Exercise aim
Looking at the listing below, retype exactly the lines starting at the one containing "Map : US Strikes" and ending at the one containing "باسلام روتختی یکنفره", both included, and nothing else.

Records shown
────────────────────────────────────────
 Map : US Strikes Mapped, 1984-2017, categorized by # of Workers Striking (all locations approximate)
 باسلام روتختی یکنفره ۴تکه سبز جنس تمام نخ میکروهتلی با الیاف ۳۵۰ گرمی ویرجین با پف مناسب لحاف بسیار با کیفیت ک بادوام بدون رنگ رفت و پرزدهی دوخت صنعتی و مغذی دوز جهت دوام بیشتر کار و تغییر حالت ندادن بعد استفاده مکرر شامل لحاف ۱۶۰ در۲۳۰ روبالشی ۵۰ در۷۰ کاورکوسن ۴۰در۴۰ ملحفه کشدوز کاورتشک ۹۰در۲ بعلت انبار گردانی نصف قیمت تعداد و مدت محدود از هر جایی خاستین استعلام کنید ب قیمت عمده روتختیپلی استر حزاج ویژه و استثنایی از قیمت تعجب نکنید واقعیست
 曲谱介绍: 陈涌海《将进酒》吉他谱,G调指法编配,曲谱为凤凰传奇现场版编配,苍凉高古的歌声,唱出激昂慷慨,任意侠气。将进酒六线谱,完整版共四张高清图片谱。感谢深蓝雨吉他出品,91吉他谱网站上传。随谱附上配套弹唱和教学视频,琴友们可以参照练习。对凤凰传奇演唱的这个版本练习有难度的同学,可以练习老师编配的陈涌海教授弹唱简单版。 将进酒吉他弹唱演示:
────────────────────────────────────────
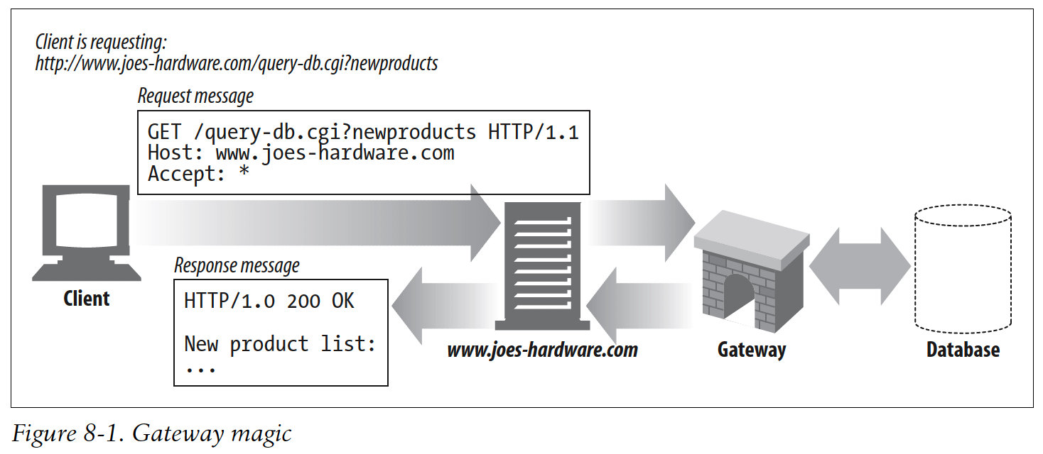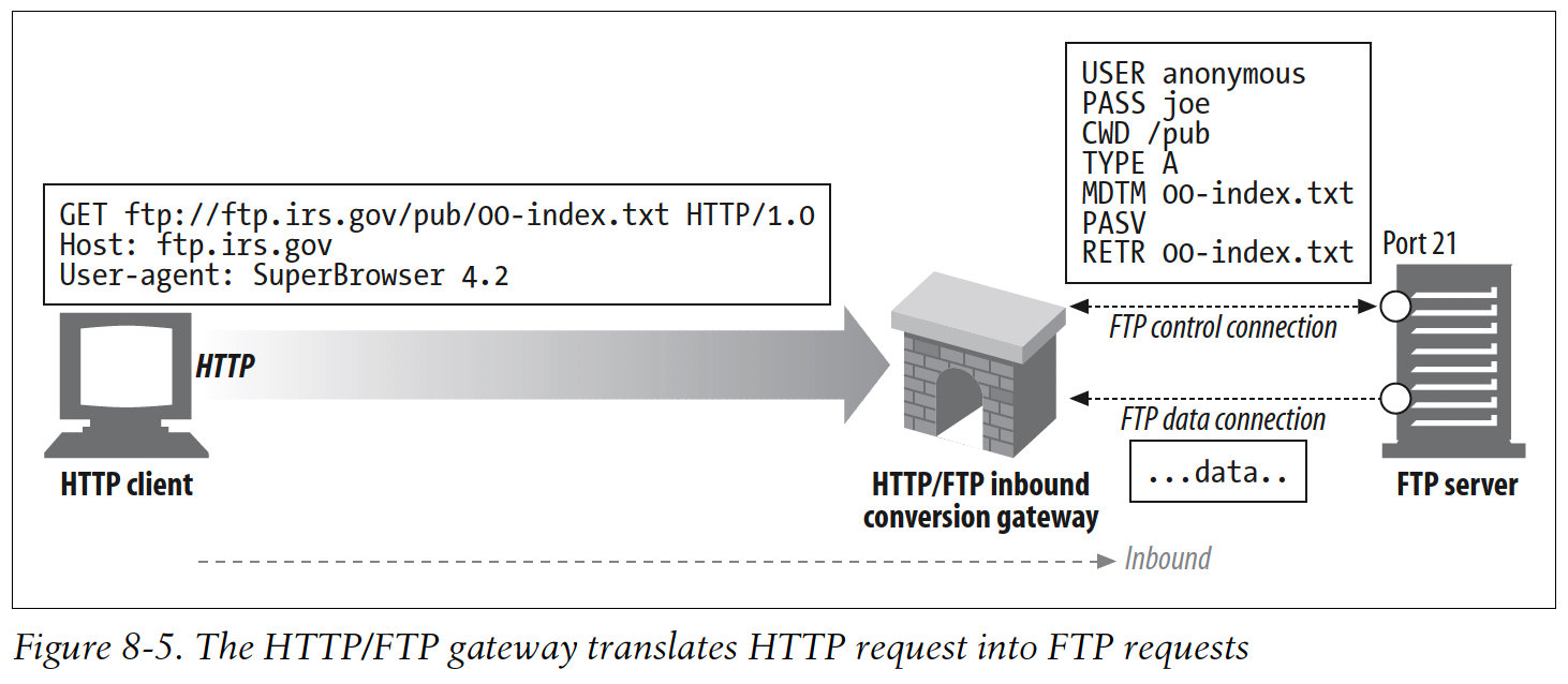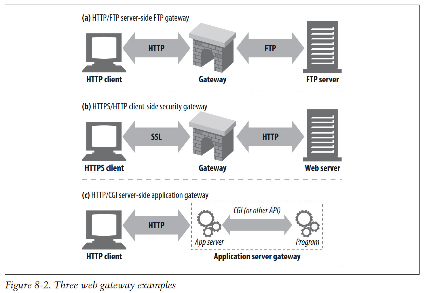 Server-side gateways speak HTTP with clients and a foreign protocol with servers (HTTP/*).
────────────────────────────────────────
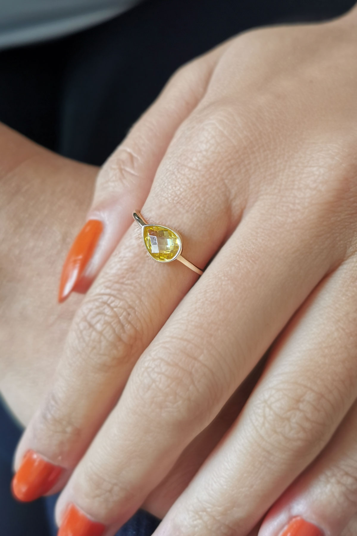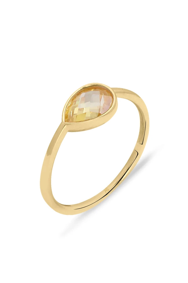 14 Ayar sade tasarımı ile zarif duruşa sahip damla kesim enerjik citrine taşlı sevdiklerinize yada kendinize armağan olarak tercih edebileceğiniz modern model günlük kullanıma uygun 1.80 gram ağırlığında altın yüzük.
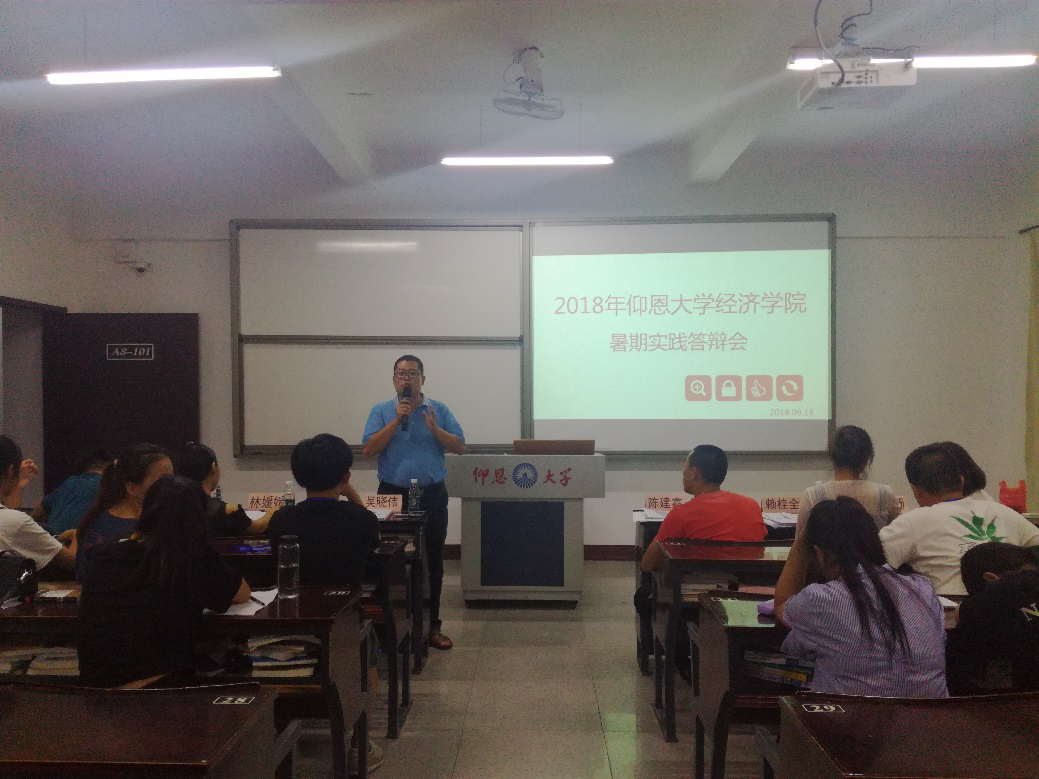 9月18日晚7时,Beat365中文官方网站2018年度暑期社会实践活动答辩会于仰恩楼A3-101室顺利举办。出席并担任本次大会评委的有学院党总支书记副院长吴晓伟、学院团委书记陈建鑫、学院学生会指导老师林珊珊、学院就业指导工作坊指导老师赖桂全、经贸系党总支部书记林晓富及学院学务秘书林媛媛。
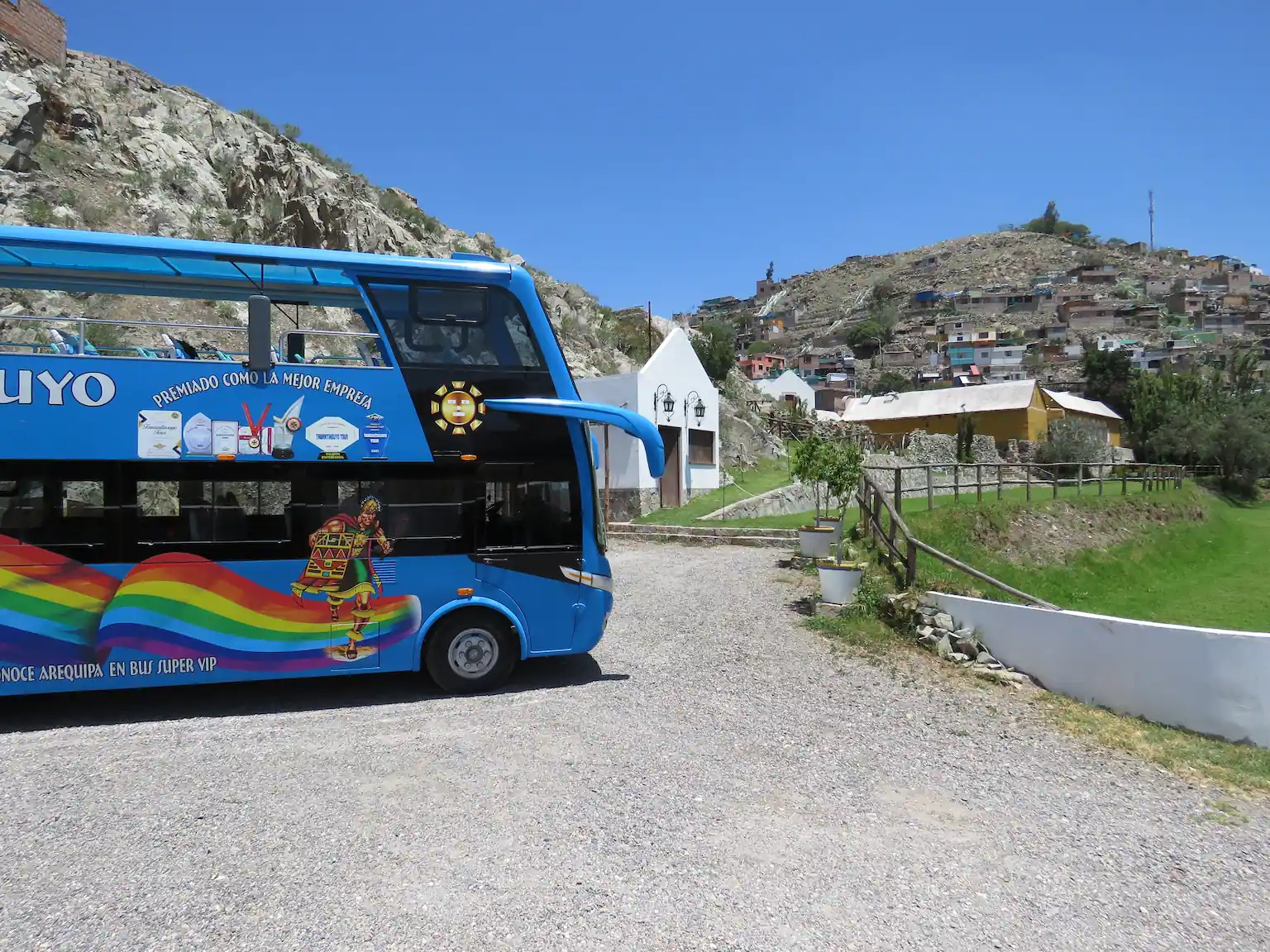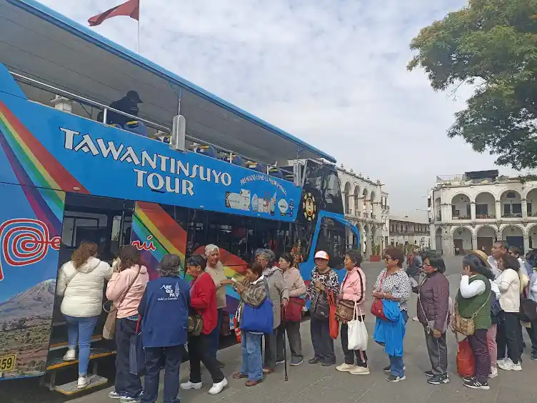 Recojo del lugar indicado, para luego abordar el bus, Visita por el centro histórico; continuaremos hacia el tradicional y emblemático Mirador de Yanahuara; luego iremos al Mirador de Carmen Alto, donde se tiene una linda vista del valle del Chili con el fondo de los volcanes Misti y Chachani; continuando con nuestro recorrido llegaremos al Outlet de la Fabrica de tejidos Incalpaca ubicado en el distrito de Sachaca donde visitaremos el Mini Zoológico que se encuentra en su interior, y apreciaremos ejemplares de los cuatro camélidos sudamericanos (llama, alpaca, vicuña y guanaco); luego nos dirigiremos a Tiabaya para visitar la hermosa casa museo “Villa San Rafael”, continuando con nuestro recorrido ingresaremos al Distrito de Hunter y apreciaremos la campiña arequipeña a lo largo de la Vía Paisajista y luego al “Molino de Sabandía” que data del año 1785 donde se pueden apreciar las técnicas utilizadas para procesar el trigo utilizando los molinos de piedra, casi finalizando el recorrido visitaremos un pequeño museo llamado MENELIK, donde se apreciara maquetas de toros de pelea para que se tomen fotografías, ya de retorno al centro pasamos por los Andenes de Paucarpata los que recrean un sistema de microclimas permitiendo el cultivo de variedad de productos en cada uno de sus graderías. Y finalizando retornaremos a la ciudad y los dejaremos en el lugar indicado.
────────────────────────────────────────
Exercise response
 Map : US Strikes Mapped, 1984-2017, categorized by # of Workers Striking (all locations approximate)
 باسلام روتختی یکنفره ۴تکه سبز جنس تمام نخ میکروهتلی با الیاف ۳۵۰ گرمی ویرجین با پف مناسب لحاف بسیار با کیفیت ک بادوام بدون رنگ رفت و پرزدهی دوخت صنعتی و مغذی دوز جهت دوام بیشتر کار و تغییر حالت ندادن بعد استفاده مکرر شامل لحاف ۱۶۰ در۲۳۰ روبالشی ۵۰ در۷۰ کاورکوسن ۴۰در۴۰ ملحفه کشدوز کاورتشک ۹۰در۲ بعلت انبار گردانی نصف قیمت تعداد و مدت محدود از هر جایی خاستین استعلام کنید ب قیمت عمده روتختیپلی استر حزاج ویژه و استثنایی از قیمت تعجب نکنید واقعیست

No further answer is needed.